▶ **Exercise**
From the line containing "three delicate flowers" through the last line of the entries below, print each line exactly. Pictures stay out.

===== Data records =====

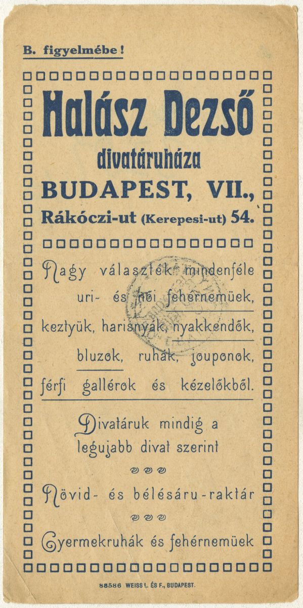 alsóruházat, fehérnemű, divat, divatáru, méteráru, reklámnyomtatvány, kisnyomtatvány, aprónyomtatvány, számolócédula
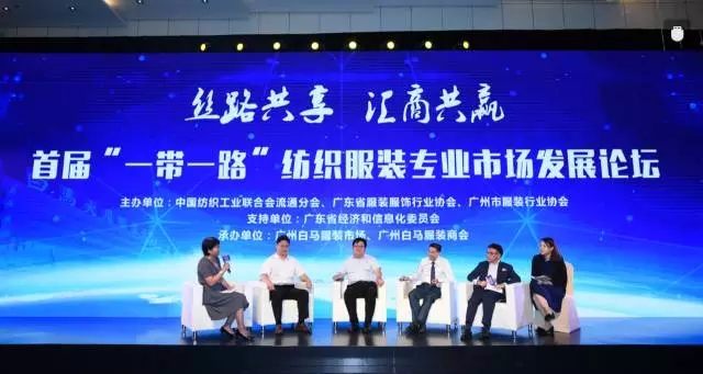 8月20日下午,由中国纺织工业联合会流通分会、广东省服装服饰行业协会、广州市服装行业协会共同主办的首届“一带一路”纺织服装专业市场发展论坛于广州白马服装市场隆重举行。
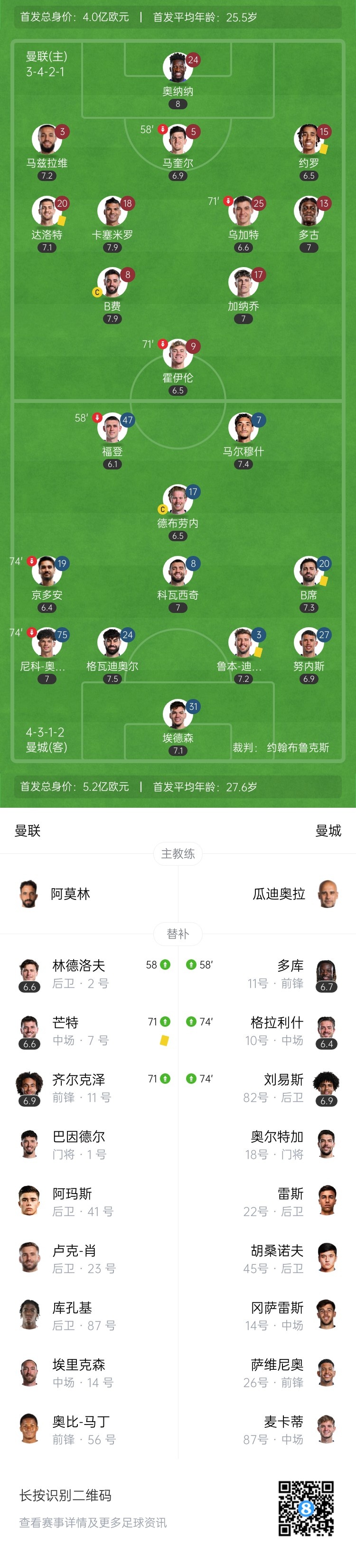 第77分钟,曼联反击,加纳乔分球,多古送出传中,禁区内齐尔克泽的射门被埃德森飞身扑出,随后芒特再补射被封堵。↓
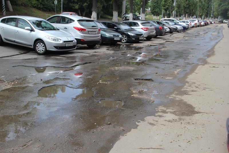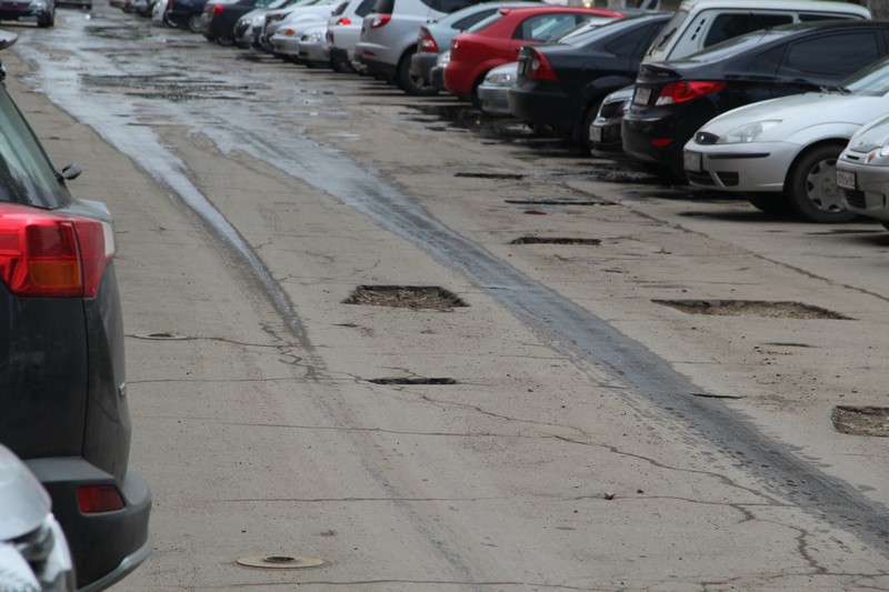 Вдоль торгового центра «Атрио» из-за обилия припаркованных машин у водителей не остается вариантов для маневра и приходится ехать по выбоинам.
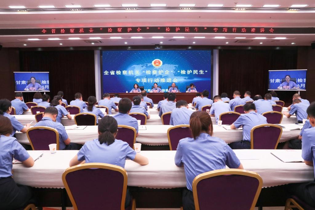 会议传达学习了最高检“检察护企”“检护民生”专项行动推进会会议精神,庆阳、陇南、天水、武威市检察院和玉门市检察院、张掖市甘州区检察院分别作经验交流。
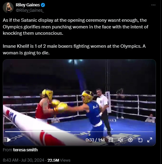 In a separate post, Gaines included video of Khelif beating on a female Mexican boxer.
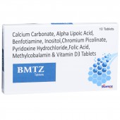 BMTZ Tablet is formulated with Calcium Carbonate, Alpha Lipoic Acid, Benfotiamine, Inositol,Chromium Picolinate, Pyridoxine Hydrochloride, Folic Acid, Methylcobalamin & Vitamin D3 . It helps to replenish nutritional deficiencies improve different disease condition and support overall health scenario of an individual.
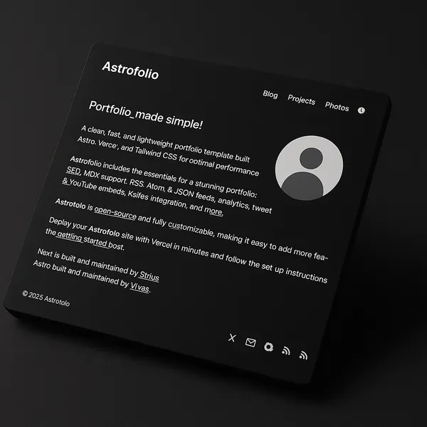 A clean, fast, and lightweight portfolio template built with Astro, Vercel, and Tailwind CSS for optimal performance.
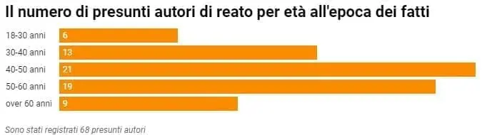 Il rapporto contiene anche un’analisi del profilo dei presunti autori delle violenze, che risultano essere 68 in totale: riassumendo si può descrivere come un maschio adulto di età compresa tra i 40 e i 60 anni. Si tratta soprattutto di chierici, una definizione molto generica che indica tutte le persone che in qualche modo hanno un ruolo all’interno della Chiesa o hanno preso una forma di voto (nel 44,1% dei casi): seguono laici (33,8% dei casi) e, infine, il personale religioso, un termine con cui la Chiesa verosimilmente indica sacerdoti e vescovi, in netta minoranza (22,1% dei casi).
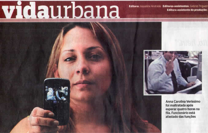 Em matéria exibida no dia de ontem (11) no caderno Vida Urbana do DIÁRIO de PERNAMBUCO, com o título A REAÇÃO DA CIDADANIA, escrita pela jornalista Ana Maria Nascimento, onde a consultora de vendas Anna Carolina Veríssimo, após esperar mais de quatro horas pelo atendimento em uma unidade do DETRAN, se sentiu humilhada pelo funcionário e resolveu, após filmar o ocorrido com seu celular, protestar através das redes sociais.
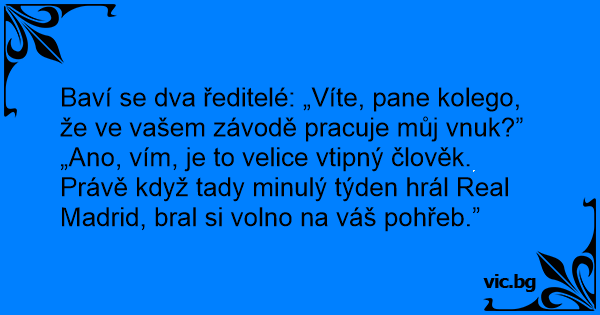 Baví se dva ředitelé: „Víte, pane kolego, že ve vašem závodě pracuje můj vnuk?”
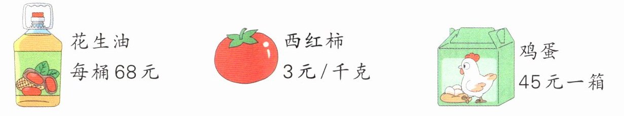 2. 学校统一购置材料,让学生在烹饪课上学习西红柿炒鸡蛋这道菜。超市里的食品价格如下:
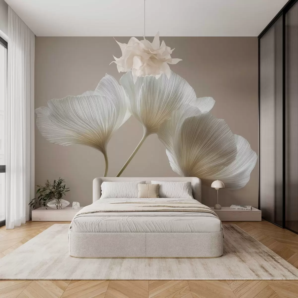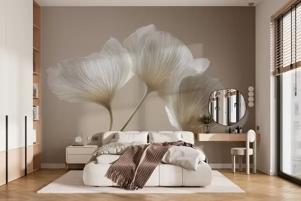 three delicate flowers on a beige background - Wall mural (No. w04810)
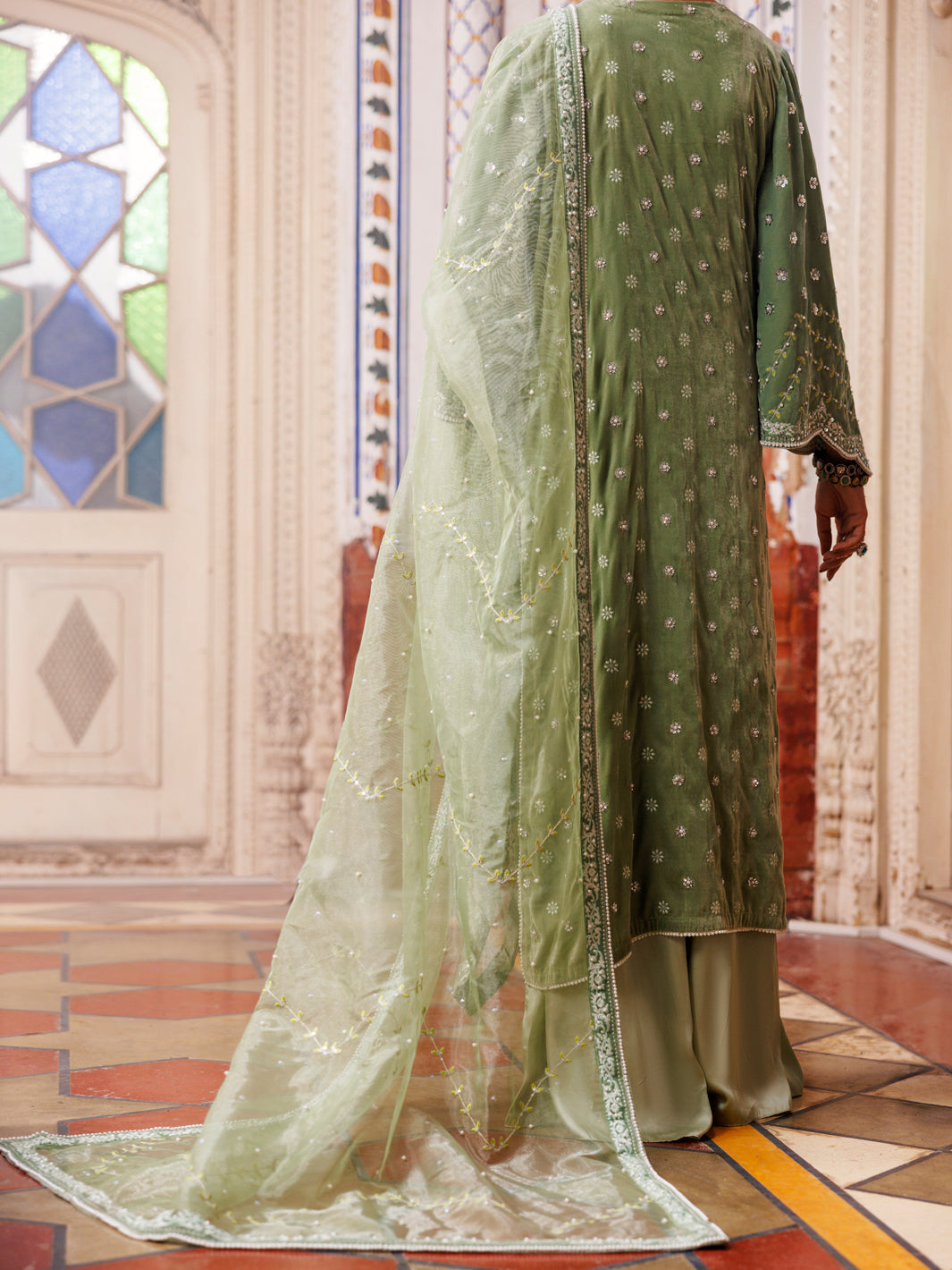 PISTACHIO GREEN VELVET 3PC STITCHED | AL-3PS-LS-497/AM-3002B
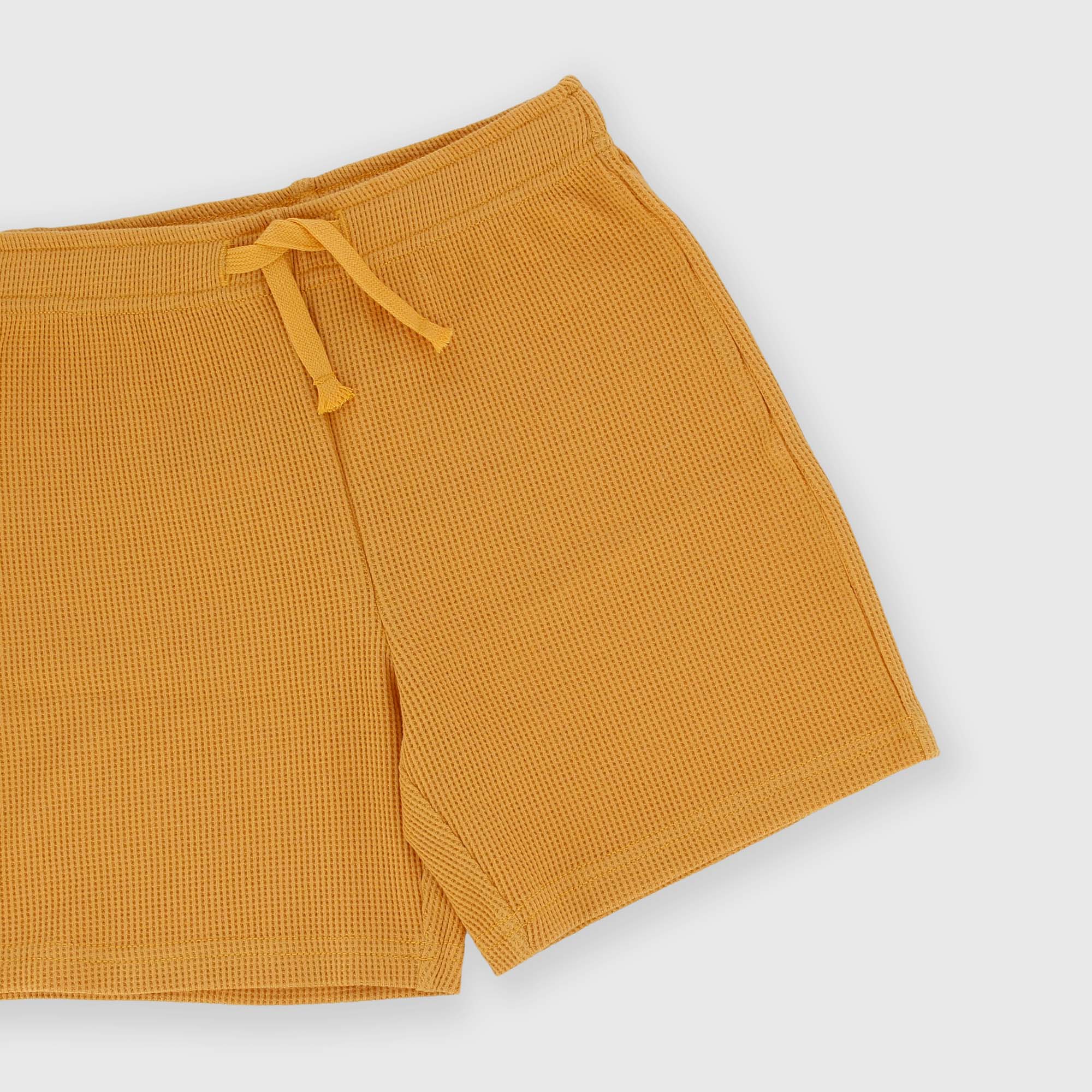 Бермуды с эластичной талией и шнурками спереди. Изготовление с сотовым эффектом.

=====

▶ **Answer space**
 three delicate flowers on a beige background - Wall mural (No. w04810)
 PISTACHIO GREEN VELVET 3PC STITCHED | AL-3PS-LS-497/AM-3002B
 Бермуды с эластичной талией и шнурками спереди. Изготовление с сотовым эффектом.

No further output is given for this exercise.